Référence : 2007 CF 678

Ottawa (Ontario), le 26 juin 2007

EN PRÉSENCE DE MONSIEUR LE JUGE BARNES

 

ENTRE :

SA MAJESTÉ LA REINE

demanderesse

et

 

ALLEN SMALL

défendeur

 

TRANSCRIPTION DES MOTIFS

 

Que la version revue ci‑jointe de la transcription des motifs de mon ordonnance, prononcés oralement à l’audience à Halifax (Nouvelle‑Écosse) le 9 mai 2007, soit déposée en conformité avec l’article 51 de la Loi sur les Cours fédérales.

 

« R. L. Barnes »

Juge

 

 

 

 

Traduction certifiée conforme

Alphonse Morissette, trad. a., LL.L.

 


T‑1515‑06

 

 

COUR FÉDÉRALE DU CANADA

 

 

 

ENTRE :

 

SA MAJESTÉ LA REINE

demanderesse

 

et

 

 

ALLEN SMALL

défendeur

 

 

 

J U G E M E N T

 

 

AUDIENCE TENUE DEVANT :     Monsieur le juge Barnes

 

LIEU DE L’AUDIENCE :                 Halifax (Nouvelle‑Écosse)

 

DATE DE L’AUDIENCE :               le mercredi 9 mai 2007

 

COMPARUTIONS :                         Allan T. Matte 

                                                      Avocat de la demanderesse

 

                                                            Allen Small

                        Autoreprésenté

 

 

GREFFIER : Mike Kowalchuk

____________________________________________________________________

 

Enregistrement :

Drake Recording Services Limited

1592, rue Oxford

Halifax (N.‑É.)  B3H 3Z4

Par : Phil Drake, sténographe judiciaire agréé

 

 

 


          LE JUGE BARNES (oralement) : La Couronne sollicite le contrôle judiciaire d’une décision de la Commission d’appel des pensions – que j’appellerai dorénavant la Commission – qui a accordé au défendeur, Allen Small, une prorogation du délai dont il disposait pour obtenir l’autorisation d’interjeter appel de la décision d’un tribunal de révision du Régime de pensions du Canada, que j’appellerai le tribunal. Il s’agit ici des motifs que j’ai prononcés oralement à Halifax le 9 mai 2006 et qui font droit à la demande présentée par la Couronne.

          Il est apparu, au vu du dossier présenté à la Cour, que l’appel interjeté par M. Small concernait la détermination par le tribunal de la date présumée de son invalidité, date qui, selon le tribunal, était avril 2002, les prestations devant débuter en août 2002.

La requête de M. Small en autorisation

d’interjeter appel se présentait sous la forme d’une lettre reçue par la Commission le 31 janvier 2006, c’est‑à‑dire environ six semaines au‑delà du délai de dépôt de 90 jours fixé par le paragraphe 83(1) du Régime de pensions du Canada.
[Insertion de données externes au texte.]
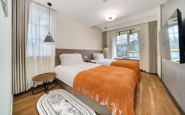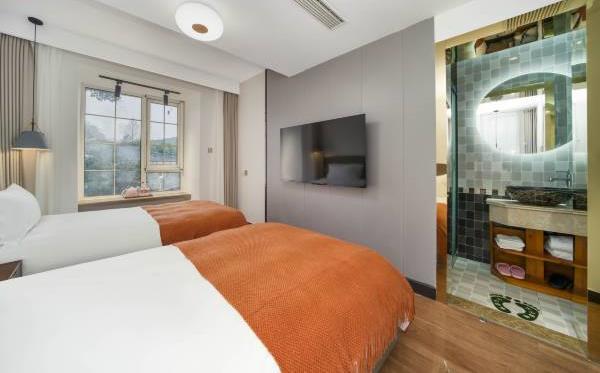 酒店位于白乐桥,步行可至灵隐寺,周围绿意盎然,环境清幽。毗邻龙井问茶、茅家埠、杨公堤、曲院风荷、岳庙及西溪国家湿地公园。酒店由两座连体别墅组合而成,屋内精致错落,南北通透,凭栏望去绿意阑珊,繁华似锦。每个房型由知名设计师精心打造,别具一格,干净、舒适、温馨,就像家一样。客房内有冬天地暖、中央空调、TOTO卫浴、一次性用品、高速无线WIFI等。一楼院子可举行30人以下的小型聚会。清晨鸟儿把你唤醒,傍晚听那钟声袅袅,温暖的午后手捧一杯茶,静心悟禅。
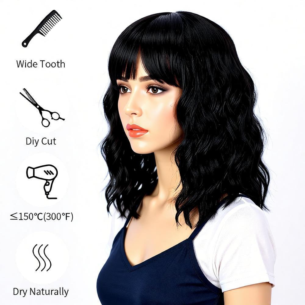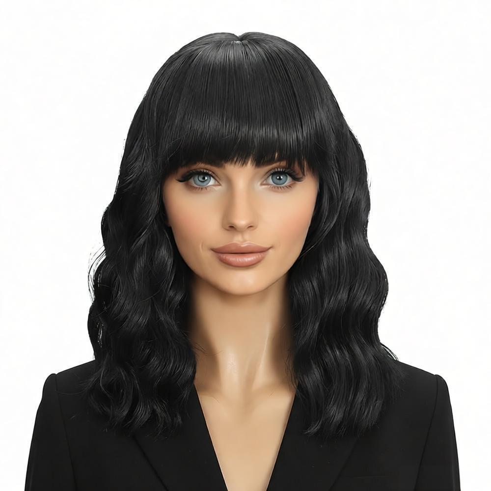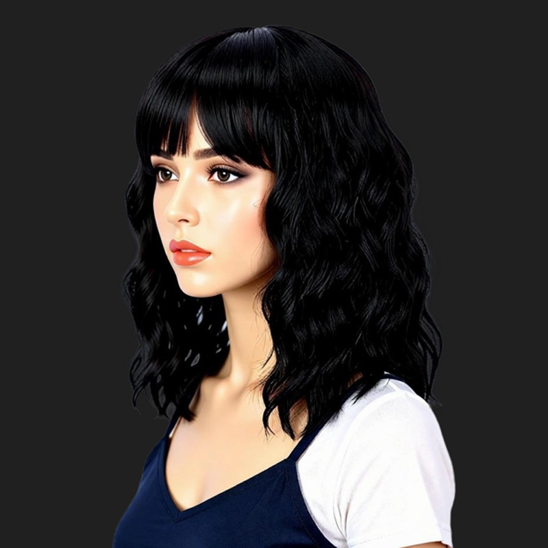 齐刘海中长款卷发假发女士玉米烫卷毛中长发齐肩长发全头套假毛
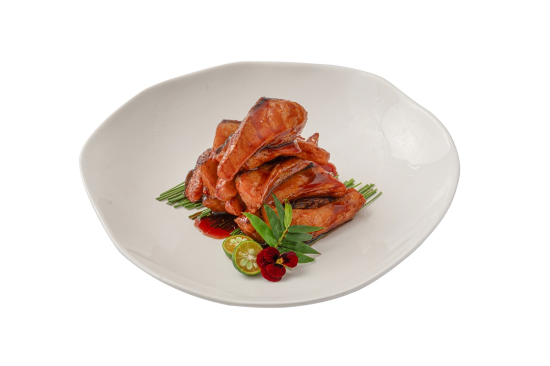 新鲜草鱼块炸至酥脆,旋即浸入咸甜酱汁。成品红亮诱人,入口先酥后嫩,咸鲜与甘甜交织,尽显“浓油赤酱”的海派魅力。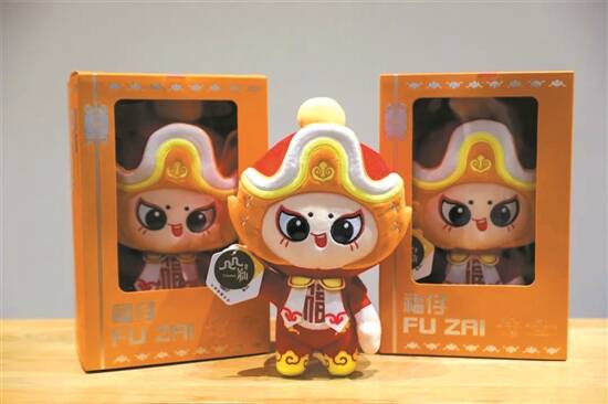 华旺实业分公司、华旺嘉娱(厦门)文化传媒有限公司总经理刘铮告诉记者,“茶山福仔”的帽檐参考了岭南镬耳屋顶线条,眼部、腮红参考了粤剧的服饰和妆容;头上正中间的图案参考了明代金锦如意云纹;两侧的图案参考了炮仗花的花纹和配色;脚底黄色的纹路代表了脚踏祥云,奔着吉祥而来;身体中间的福字寓意福气满满。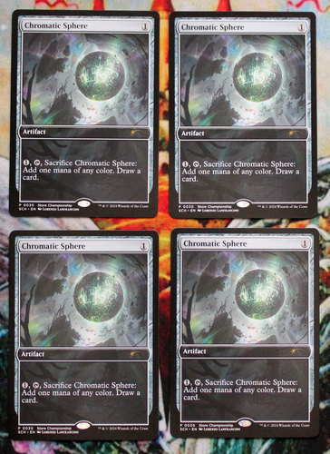 Комплект промочных Chromatic Sphere с чемпионата магазина. Карты новые, не игрались, хранились в протекторах.

Dans sa lettre, M. Small ne donnait aucune explication des raisons pour lesquelles il n’avait pas respecté le délai d’appel de 90 jours. Sa lettre était aussi quelque peu imprécise quant à la décision qu’il contestait, et la Commission a présumé qu’il souhaitait faire appel de la décision du tribunal. Comme M. Small n’a déposé aucun document devant la Cour en même temps que cette demande de contrôle judiciaire, ce n’est que ce matin qu’il a informé la Cour et la Couronne que son intention était de faire appel d’une décision ministérielle antérieure qui avait rejeté sa première demande de prestations d’invalidité. Apparemment, on lui a conseillé, plutôt que de faire appel de ladite décision, de déposer une nouvelle demande de prestations, ce qu’il a fait. C’est en rapport avec ladite demande qu’il a finalement obtenu gain de cause devant le tribunal.

Néanmoins, il croit que sa demande de

prestations d’invalidité aurait dû être évaluée d’après la date de sa première demande, c’est‑à‑dire une différence d’environ huit mois de prestations. Il a dit aujourd’hui que cette première demande avait été présentée à temps par la poste, mais qu’elle s’était perdue quelque part durant son acheminement.

Inutile de le dire, la décision rendue par la Commission dans cette affaire était fondée sur une supposition erronée. M. Small ne conteste pas la décision du tribunal qui faisait droit à sa demande de prestations d’invalidité, et il sait que la date du début des prestations, établie à la suite de sa deuxième demande de prestations, était exacte. Il veut simplement que le ministre réexamine la décision de refuser sa première demande et qu’il lui verse des prestations à compter de la date de cette demande antérieure de prestations.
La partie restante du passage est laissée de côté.